In the real world the FE developer may get his/her hands dirty with a bit of
both as well as FE stuff.

According to Mike Davies (front-end developer at Yahoo! and Ex technical
lead developer for Legal & General) at the WSG London meeting in February
explained that the poor performance of L&G's site in no small part stemmed
from developers wanting to move on up the ladder from FE development to the
"serious stuff" of BE development. Consequently, no one was an expert in FE
development (web standards and accessibility) and as a result their
website's economic performance suffered greatly.

The point he made was that developers, in general, don't want to specialise
in FE development, because they can earn more doing the BE stuff.

What L&G discovered was that by doing a decent FE job it greatly improved
their ROI.

Listen to his account of the L&G process here:
http://muffinresearch.co.uk/wsg/audio/07/02/28/mike.mp3

Mike said after the L&G project he made a deliberate decision to specialise
in FE development, and took on the Yahoo job to do just that.

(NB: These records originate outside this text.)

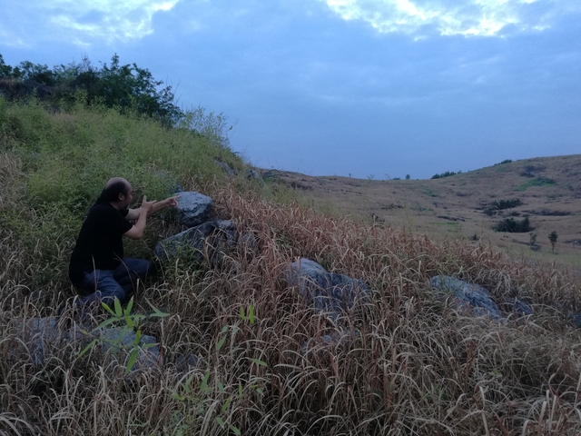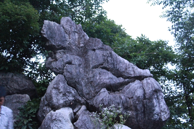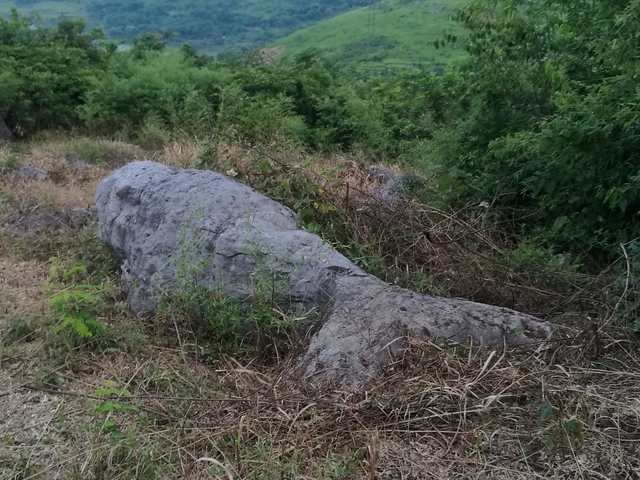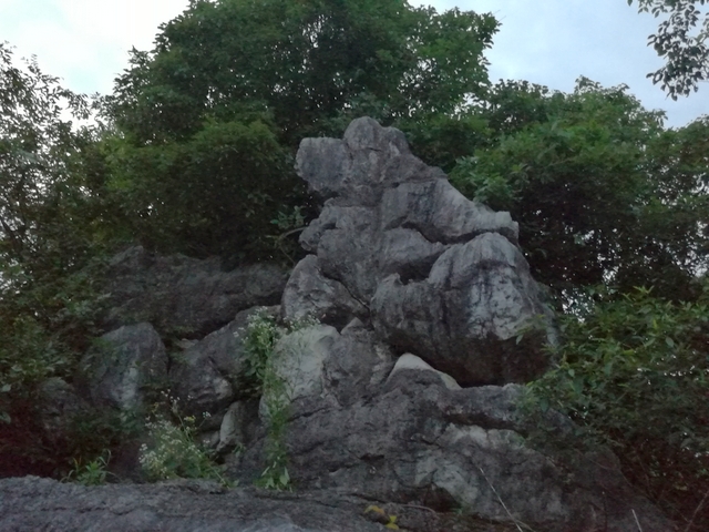 上山容易下山难, 赚取行人错喜欢; 正入万山圈子里, 一山放出一山拦。好马不吃回头草,好汉不走回头路,向导罗育善引导大家从左手边下山。经过一条古战壕,直接往山下走,到了半山腰,终于见到了灵巧的石猴。为让大家看得真切,罗向导爬上石头折断了覆盖在石猴头上的树枝,下来后又指导大家的拍摄角度,于是大家又是一阵狂拍。大家边拍边议论,说石猴还是不怎么形似,最多也只是神似,大家要开动机器,动动脑筋,发挥想像力。我说将上部石猴的头部略去不看,只看下面部分,觉得更像一只机灵的兔子;如果一定要去看整体,我倒觉得更像一只睿智的山羊。罗育善会长总结似地说:“不管是石鱼还是石猴,都是吉祥如意,好的预兆。鱼,寓意年年有余,又预示鲤鱼跳龙门;猴,寓意聪明机灵。总之说明这里人杰地灵,人才辈出!”
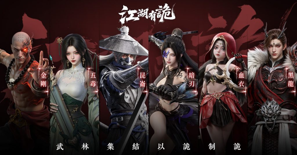 崑崙憑借無可匹敵的邪門劍法聞名江湖,瞬間便能爆發出毀滅性的傷害;暗刃潛行於黑夜之中,執輕盈雙劍完成致命收割;五毒優雅操縱琴弦,卻能在遠程釋放出大範圍傷害,殺人於無形;血衣手持陰陽輪,憑藉精妙走位隱匿身形,給予敵人無法迴避的致命一擊;黑龍揮動裂骨重錘,以炸裂的爆發力震撼全場,同時還能保證自身堅韌不倒;而金剛則如磐石般屹立前線,以強大防禦力成為隊伍中最堅實的後盾。
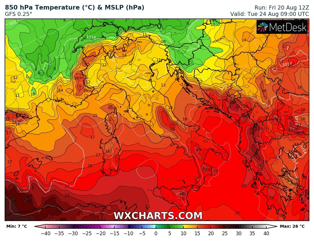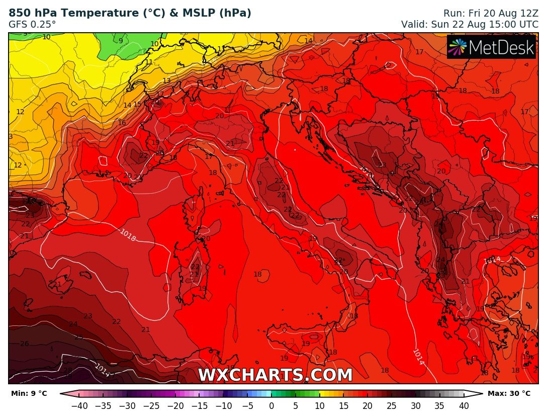 Nelle prossime 24/36 ore, quindi all'incirca fino al pomeriggio di lunedì, l'alta pressione si espanderà ulteriormente verso ovest determinando un nuovo aumento delle temperature su tutta la penisola, centro Italia compreso. I valori, come potete vedere nell'immagine sottostante, saranno comunque inferiori rispetto a quelli avuti fino alla scorsa settimana, ma saranno sufficienti a regalarci qualche giorni di ulteriore sofferenza, specialmente nelle ore diurne.
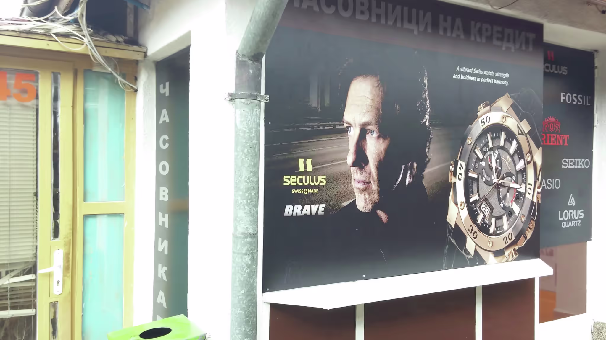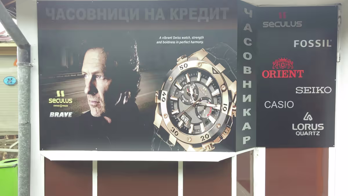 Всяка фирма с предмет на дейност рекламни продукти, най-често изработва рекламни табели от несветещ тип. Те са търсени много, защото са бързо и бюджетно решение за външна реклама. Табелата, която представяме на вниманието Ви, е с безупречна линия, приятна визия и отлични показатели по отношение на здравина и устойчивост. Това е постигнато чрез използване на правилно подбрани материали за изпълнение при тази рекламна площ. За основа е използван композитен материал. Композитите не се влияят от външни атмосферни условия и се отличават с устойчивост на неблагоприятни въздействия. Това се дължи на основната им характеристика – направени са от два или повече съставни материала с различни свойства, като новият материал съчетава качествата на съставните и се отличава най-вече с якост и лекота, което му дава неограничено поле за приложение. Изображението е направено с помощта на фолио, на което е нанесен печат. Техниката на печатане с пълноцветен широкоформатен печат е много подходяща при апликиране на табели за външна, а и за вътрешна реклама, защото разполага с предимства като бърза изработка, достъпна цена, издръжливост на външни условия. Самото изображение е с фотореалистично качество, когато се използва висока резолюция на печат и качествени медии и мастила. Тази техника е подходяща и при фолиране на витрини, брандиране на автомобили, за декорация и много други приложения. На представената рекламна табела е положен и защитен слой ламинат, с който се предпазва печата на картинката от избледняване. Това е водещо условие при изработката на рекламната табела, изпълнена за външна реклама. Логата на марките часовници, които са поставени, са изпълнени от рязано цветно фолио, със спазени строго размер и шрифт на марката, както и запазен цвят, разпознаваем за всяка конкретна марка. Цветовете, избрани за фон и за изображения и надписи, контрастират и това допринася за постигане на максимална яснота, с което рекламната табела се отличава, и привлича вниманието на клиентите към обекта.
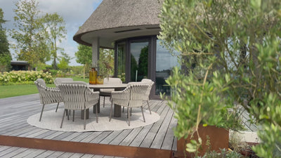 De Montera dining chair ademt luxe en klasse dankzij het elegante rope-design en het stevige aluminium frame. De combinatie van de mooi geweven zitting en de zachte bouclé outdoor kussens zorgt voor een rijk, comfortabel zitgevoel. De meegeleverde kussens maken de stoel extra uitnodigend, ideaal voor lange diners of ontspannen momenten buiten. Dankzij de all-weather stof blijven de kussens mooi en goed bestand tegen verschillende weersomstandigheden. Een stijlvolle en kwalitatieve eetstoel die perfect aansluit bij de rest van de Montera collectie.
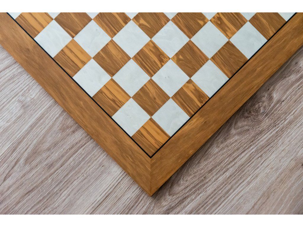 Olivenholz ist bekannt für seine Langlebigkeit und seine sehr hohe Dichte, die bis zu 92% beträgt. Es mag wie ein Klischee klingen, aber jedes Stück Olivenholz ist ein Original, das Ergebnis einer handwerklichen Herstellung und der menschliche Faktor spielt eine wichtige Rolle. Auch das Muster des Olivenholzes ist unregelmäßig, aber wo auch immer es platziert wird, Sie werden garantiert Freude an Ihrem Schachbrett haben.

Personally, I think designers, FE and BE developers need to accept and
appreciate the other disciplines and stop being so precious about their own
set of skills - team work guys. :)

On a practical note, general qualifications can give a broad knowledge of
the different areas, but we all need to specialise, which is where CPD comes
into play.

And that's where I see the dutch having made a bold/couragous move in doing
what they've started. Let's observe and learn.